TASK REQUIREMENTS: The response must consist of each line in the listing that has the word "piece" in it.
EXERCISE MATERIAL below:
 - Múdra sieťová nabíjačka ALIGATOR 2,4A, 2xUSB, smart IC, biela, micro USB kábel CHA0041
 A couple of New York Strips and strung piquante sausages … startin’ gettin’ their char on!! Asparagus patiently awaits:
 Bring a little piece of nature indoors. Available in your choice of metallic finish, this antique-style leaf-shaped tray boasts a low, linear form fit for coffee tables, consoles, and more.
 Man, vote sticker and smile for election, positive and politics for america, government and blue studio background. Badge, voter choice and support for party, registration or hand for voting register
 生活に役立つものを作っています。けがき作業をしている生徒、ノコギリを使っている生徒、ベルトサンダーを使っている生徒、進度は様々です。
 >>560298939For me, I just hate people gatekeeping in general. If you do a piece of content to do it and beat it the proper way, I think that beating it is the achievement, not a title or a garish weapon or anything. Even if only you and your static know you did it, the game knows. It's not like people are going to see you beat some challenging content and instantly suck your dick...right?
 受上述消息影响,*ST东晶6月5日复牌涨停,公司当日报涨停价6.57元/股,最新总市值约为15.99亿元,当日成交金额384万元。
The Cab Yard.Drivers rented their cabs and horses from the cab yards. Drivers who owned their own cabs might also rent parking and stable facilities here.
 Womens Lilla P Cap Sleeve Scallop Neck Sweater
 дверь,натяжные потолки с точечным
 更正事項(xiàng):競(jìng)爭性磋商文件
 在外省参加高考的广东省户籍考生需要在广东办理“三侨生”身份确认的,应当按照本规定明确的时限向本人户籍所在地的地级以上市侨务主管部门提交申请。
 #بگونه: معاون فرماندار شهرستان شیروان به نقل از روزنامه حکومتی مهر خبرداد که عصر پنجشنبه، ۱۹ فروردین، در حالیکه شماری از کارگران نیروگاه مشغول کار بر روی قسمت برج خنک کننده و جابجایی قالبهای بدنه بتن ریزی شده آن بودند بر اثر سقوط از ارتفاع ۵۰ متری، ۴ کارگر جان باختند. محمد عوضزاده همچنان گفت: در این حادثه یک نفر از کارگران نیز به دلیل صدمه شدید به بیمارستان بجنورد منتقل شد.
End of EXERCISE MATERIAL.
EXERCISE MATERIAL below:
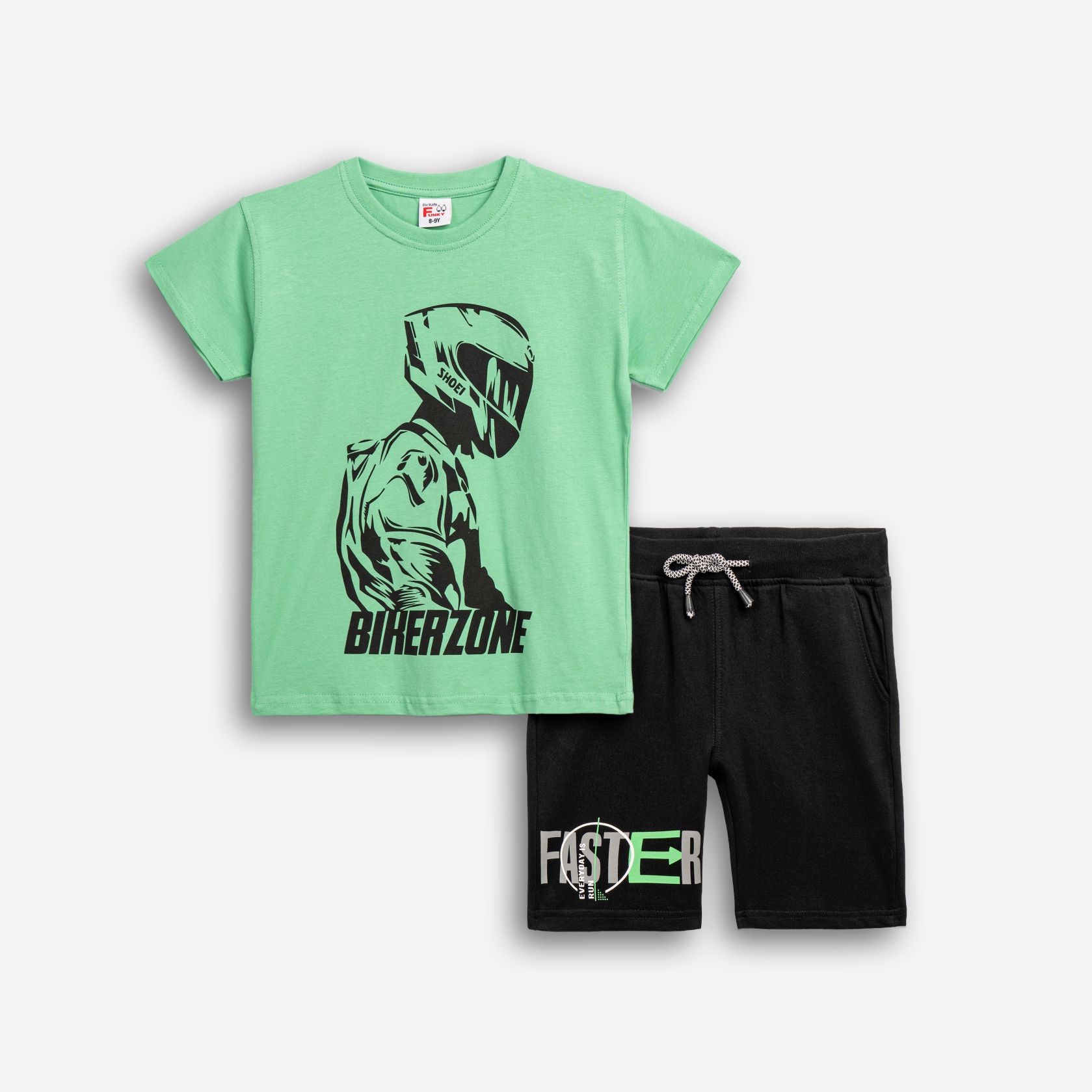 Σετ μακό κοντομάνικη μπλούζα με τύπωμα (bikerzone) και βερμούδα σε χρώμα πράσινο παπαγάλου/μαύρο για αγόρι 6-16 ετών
End of EXERCISE MATERIAL.
TASK RESPONSE:
 Bring a little piece of nature indoors. Available in your choice of metallic finish, this antique-style leaf-shaped tray boasts a low, linear form fit for coffee tables, consoles, and more.
 >>560298939For me, I just hate people gatekeeping in general. If you do a piece of content to do it and beat it the proper way, I think that beating it is the achievement, not a title or a garish weapon or anything. Even if only you and your static know you did it, the game knows. It's not like people are going to see you beat some challenging content and instantly suck your dick...right?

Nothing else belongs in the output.